As someone who got caught in the fall, 6:37 minute mark accurately captures what it felt like
Couldn’t get up for about 10-15 seconds, people were running over us
As someone who got caught in the fall, 6:37 minute mark accurately captures what it felt like
Couldn’t get up for about 10-15 seconds, people were running over us
Shout out to Ryan Cox for finishing 7th at Little Threes, 6th at natties.
see emm you wrote:
What the hell happened to CMU?
CMU has 5/7 go down in the pileup. 2 were at the bottom and by the time they were able to get up they were in last.
To be fair CMU has a history of underperforming at Nationals, often behind what they were ranked going in. But I think today was more than just underperforming.
I can say from the experience of going down in 60th and being trampled and have guys piled on top of you, and getting up in last, is very demoralizing. It was very tough to get around the 100s of guys ahead to make up the ground lost.

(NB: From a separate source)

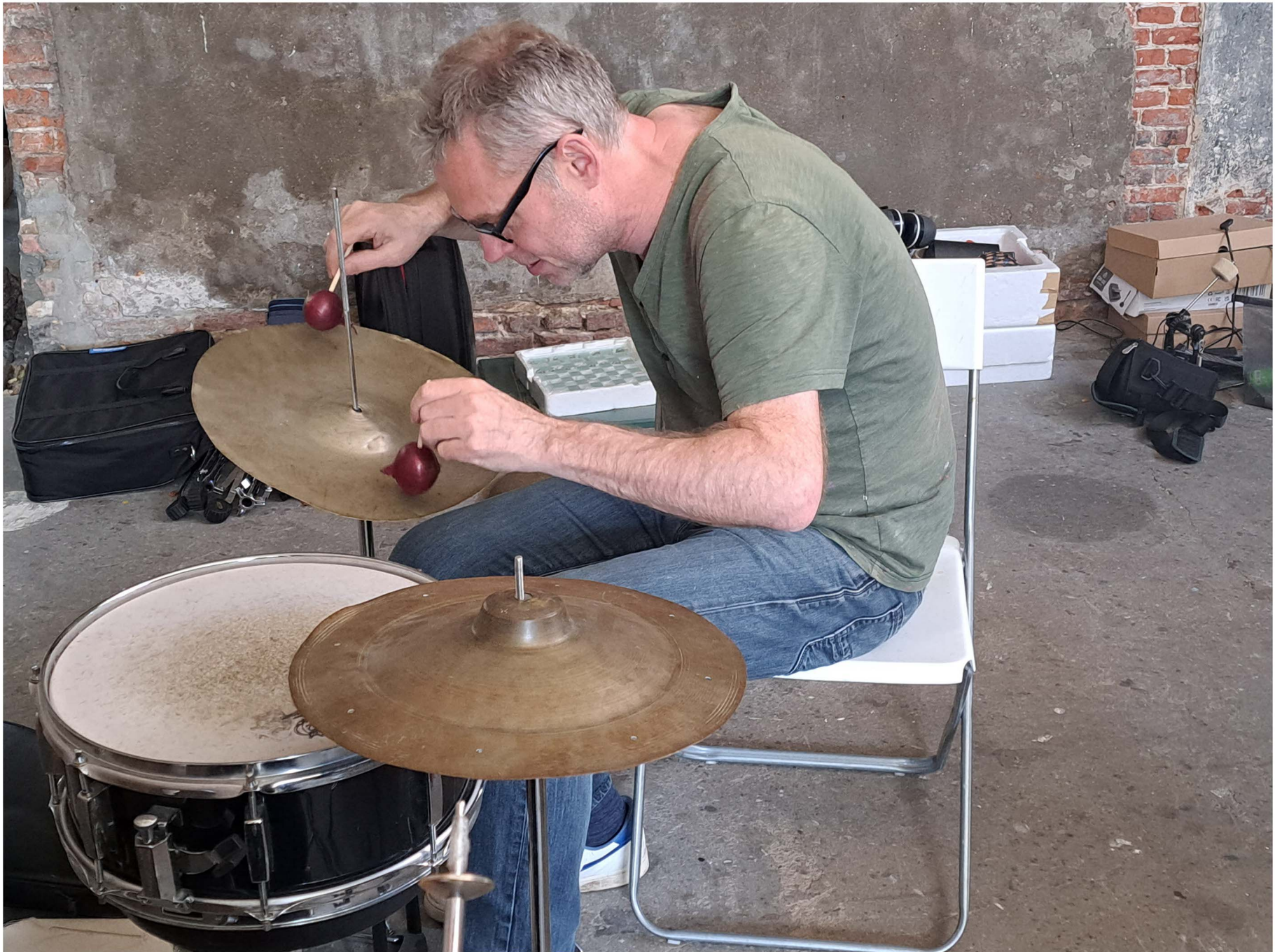
part 54 or: reel real pul, and this part is no longer ly handy here, 2024 studio documentation

Huge props to the guys that went down hard, got up and were still able to be top performers. Looking at the results, I can see guys that probably fell (based on their 150+ at the 2.4k checkpoint) and still managed to move their way up to top 50 finish.

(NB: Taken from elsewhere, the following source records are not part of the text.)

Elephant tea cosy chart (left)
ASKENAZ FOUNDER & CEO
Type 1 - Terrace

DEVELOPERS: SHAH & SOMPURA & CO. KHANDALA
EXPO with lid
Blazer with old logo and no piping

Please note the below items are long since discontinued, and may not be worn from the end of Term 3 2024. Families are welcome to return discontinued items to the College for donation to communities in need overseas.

And congrats to the under ranked teams that showed up today and raced their ases off to outperform us.
Oconomowoc wrote:
"How They Will Win: The Blue Jays have won five of the last six national titles, and with a rested top three and several more All-American contenders lining up on Saturday, the Johns Hopkins women will make it six of the last seven in Oshkosh."
Lol @FloTrack.
So happy to see Hopkins women go down. There isn't a more obnoxious team in DIII, men or women. I'm all for people being a bit funny at the banquet (PP you're in the clear), but Hopkins women always manage to come off as entitled and condescending. Even NCC men look humble compared to them
Dress the part wrote:
So happy to see Hopkins women go down. There isn't a more obnoxious team in DIII, men or women. I'm all for people being a bit funny at the banquet (PP you're in the clear), but Hopkins women always manage to come off as entitled and condescending. Even NCC men look humble compared to them
how so?
matching gucci track suits and somehow finding panera bread in the middle of goddamn nowhere
faronixx wrote:
matching gucci track suits and somehow finding panera bread in the middle of goddamn nowhere
Yeah, getting that bread seems to piss you off.

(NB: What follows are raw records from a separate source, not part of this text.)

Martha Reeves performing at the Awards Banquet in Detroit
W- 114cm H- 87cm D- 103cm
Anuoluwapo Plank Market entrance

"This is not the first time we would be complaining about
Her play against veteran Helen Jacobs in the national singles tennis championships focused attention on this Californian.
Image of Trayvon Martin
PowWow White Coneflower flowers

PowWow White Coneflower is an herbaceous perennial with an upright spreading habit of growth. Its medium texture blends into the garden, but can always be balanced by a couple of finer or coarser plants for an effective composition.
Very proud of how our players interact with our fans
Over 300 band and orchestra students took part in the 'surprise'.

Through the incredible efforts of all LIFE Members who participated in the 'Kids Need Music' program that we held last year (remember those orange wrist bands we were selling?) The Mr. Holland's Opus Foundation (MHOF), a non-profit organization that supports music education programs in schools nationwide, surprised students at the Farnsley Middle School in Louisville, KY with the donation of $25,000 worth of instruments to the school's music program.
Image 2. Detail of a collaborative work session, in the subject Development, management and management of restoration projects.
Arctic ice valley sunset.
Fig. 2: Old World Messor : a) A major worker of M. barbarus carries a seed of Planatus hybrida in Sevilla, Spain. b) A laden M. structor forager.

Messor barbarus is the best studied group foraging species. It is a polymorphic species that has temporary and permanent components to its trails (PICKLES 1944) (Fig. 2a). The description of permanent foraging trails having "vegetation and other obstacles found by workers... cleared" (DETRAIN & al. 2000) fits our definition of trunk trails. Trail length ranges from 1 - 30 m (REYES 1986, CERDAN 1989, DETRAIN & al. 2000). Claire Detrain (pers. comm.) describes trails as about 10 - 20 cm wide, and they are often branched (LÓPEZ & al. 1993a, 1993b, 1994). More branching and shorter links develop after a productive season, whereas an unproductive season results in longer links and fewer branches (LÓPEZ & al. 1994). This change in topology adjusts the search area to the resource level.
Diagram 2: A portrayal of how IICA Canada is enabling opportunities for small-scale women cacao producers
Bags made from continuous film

Couldn’t agree more with this. They were by far the most obnoxious team at the banquet and their coach looked like a massive tool going up to get his award. Also, funniest thing of the entire weeekdn was seeing the women’s team lose by 1 point then seeing the men’s team start celebrating when they supposedly came in 4th only for them to be knocked back one place by wartburg who then started celebrating only to get knocked back one place by Haverford. Johns Hopkins = tools. Glad they lost.
Is there video of the fall anywhere?
Or could someone screen record it from the Flotrack video (which is PRO for some stupid reason) and put it here for us poor people?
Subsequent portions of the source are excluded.